What is expected: Retype, exactly and completely, the listing that comes next, skipping its images.
========
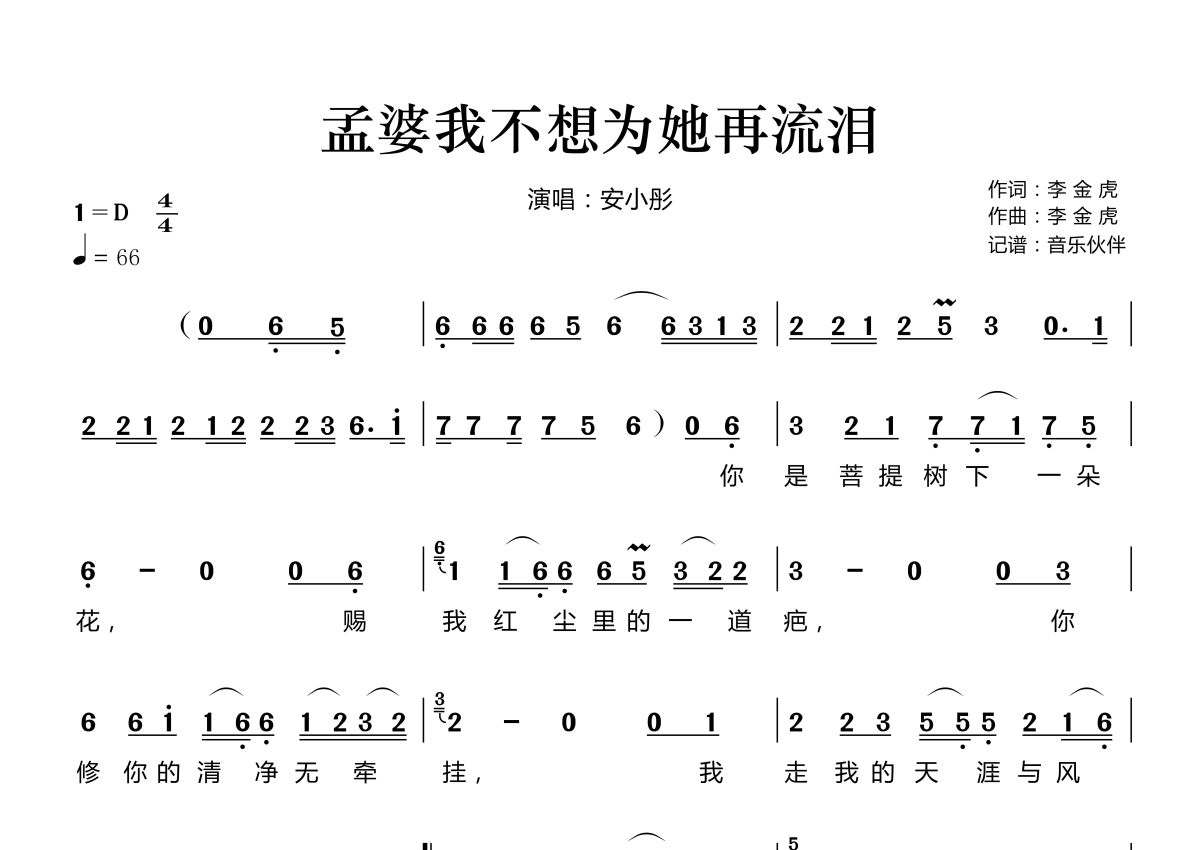 孟婆我不想为她再流泪简谱 - 安小彤演唱
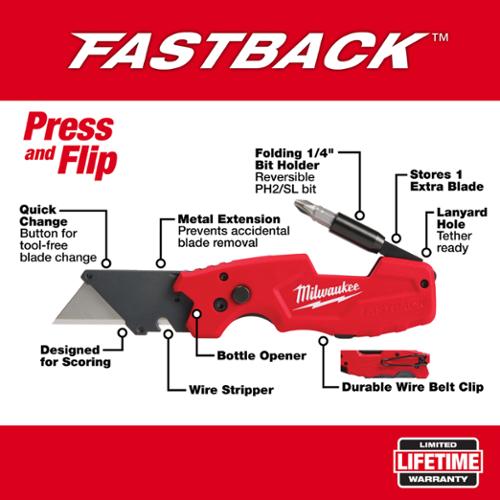 'The Milwaukee® Fastback™ 6-In-1 Folding Utility Knife Features A Press And Flip Mechanism Providing Users With An Easy, One-Handed Opening. The 6-In-1 Knife Has A Wire Stripper, Folding Screwdriver, And A Fold-Out 1/4" Bit Holder. The Bit Holder Includes A Reversible Phillips #2 And Slotted 1/4" Bit. This Folding Utility Knife Is Equipped With A Built-In Bottle Opener Providing Users With Added Functionality. Tool Free Blade Change Allows The User To Quickly And Easily Insert A New Blade. This Multifunction Pocket Knife Has An All Metal Design For A Longer Life With A Durable Wire Belt Clip To Reduce Pocket Tearing With A Blade Holder Designed For Scoring. The Folding Utility Knife Has A Metal Extension That Prevents Accidental Blade Removal And A Lanyard Hole For Convenient Tethering.
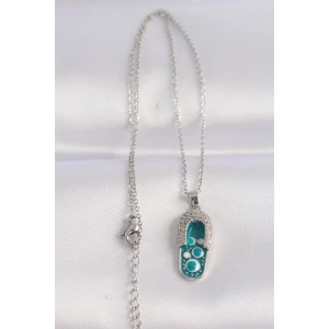 316L Çelik Zincir Zirkon Taşlı Gümüş Renk Nazarlı Terlik Tasarımlı Kolye
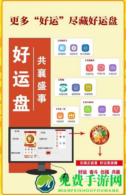 伍福好运盘是由伍福网推出的一款集合文化、智慧与信仰的祈福工具。它蕴含了伍福文化(长寿、富贵、康宁、好德、善终)与九太极智慧修炼体系——太极三十六智,不仅是好运的标志,还能帮助你在迷途困惑中指引方向,解决信仰寄托,引领我们福慧双修。每天祈福,丰富时间碎片,丰富人生信仰,践行伍福,积蓄暗能量,实现伍福梦。自2013年11月伍福好运盘上线以来,受到了百万网友的广泛关注与热情支持,积累忠实用户数十万之多,每日在好运盘为家人、为自己祈福祝愿。
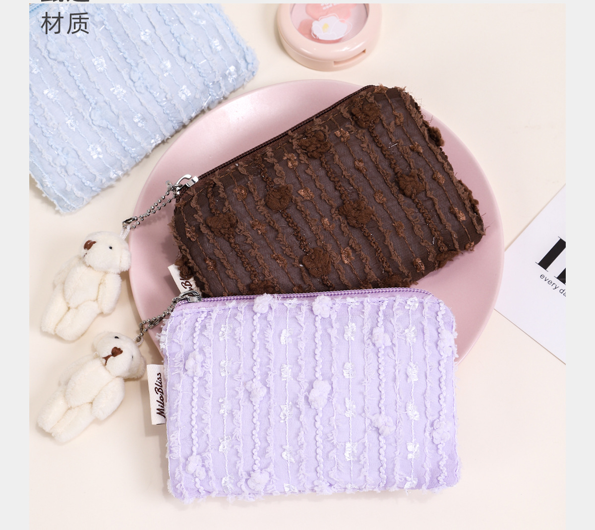 한국 스타일 인스타 감성 화장품 가방, 휴대용 외출용 화장품 수납 가방, 곰돌이 펜던트가 달린 쉬폰 벨벳 수납 가방
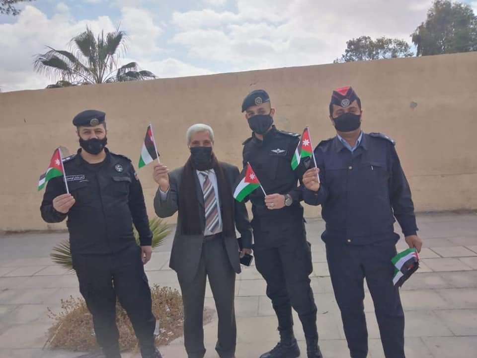 بدوره قام مكتب الشرطة المجتمعية في مركز امن المدينة/ المفرق بتوزيع العلم الأردني على مراجعي المركز الأمني وتقديم التهاني بمناسبة اليوم الوطني للعَلَم الأردني وكذلك تم توزيع العلم الأردني على سائقي المركبات في الوسط التجاري للمركز الأمني .
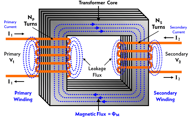 - Magnetic Flux: Travels through the iron core from primary to secondary
========
Answer:
 孟婆我不想为她再流泪简谱 - 安小彤演唱
 'The Milwaukee® Fastback™ 6-In-1 Folding Utility Knife Features A Press And Flip Mechanism Providing Users With An Easy, One-Handed Opening. The 6-In-1 Knife Has A Wire Stripper, Folding Screwdriver, And A Fold-Out 1/4" Bit Holder. The Bit Holder Includes A Reversible Phillips #2 And Slotted 1/4" Bit. This Folding Utility Knife Is Equipped With A Built-In Bottle Opener Providing Users With Added Functionality. Tool Free Blade Change Allows The User To Quickly And Easily Insert A New Blade. This Multifunction Pocket Knife Has An All Metal Design For A Longer Life With A Durable Wire Belt Clip To Reduce Pocket Tearing With A Blade Holder Designed For Scoring. The Folding Utility Knife Has A Metal Extension That Prevents Accidental Blade Removal And A Lanyard Hole For Convenient Tethering.
 316L Çelik Zincir Zirkon Taşlı Gümüş Renk Nazarlı Terlik Tasarımlı Kolye
 伍福好运盘是由伍福网推出的一款集合文化、智慧与信仰的祈福工具。它蕴含了伍福文化(长寿、富贵、康宁、好德、善终)与九太极智慧修炼体系——太极三十六智,不仅是好运的标志,还能帮助你在迷途困惑中指引方向,解决信仰寄托,引领我们福慧双修。每天祈福,丰富时间碎片,丰富人生信仰,践行伍福,积蓄暗能量,实现伍福梦。自2013年11月伍福好运盘上线以来,受到了百万网友的广泛关注与热情支持,积累忠实用户数十万之多,每日在好运盘为家人、为自己祈福祝愿。
 한국 스타일 인스타 감성 화장품 가방, 휴대용 외출용 화장품 수납 가방, 곰돌이 펜던트가 달린 쉬폰 벨벳 수납 가방
 بدوره قام مكتب الشرطة المجتمعية في مركز امن المدينة/ المفرق بتوزيع العلم الأردني على مراجعي المركز الأمني وتقديم التهاني بمناسبة اليوم الوطني للعَلَم الأردني وكذلك تم توزيع العلم الأردني على سائقي المركبات في الوسط التجاري للمركز الأمني .
 - Magnetic Flux: Travels through the iron core from primary to secondary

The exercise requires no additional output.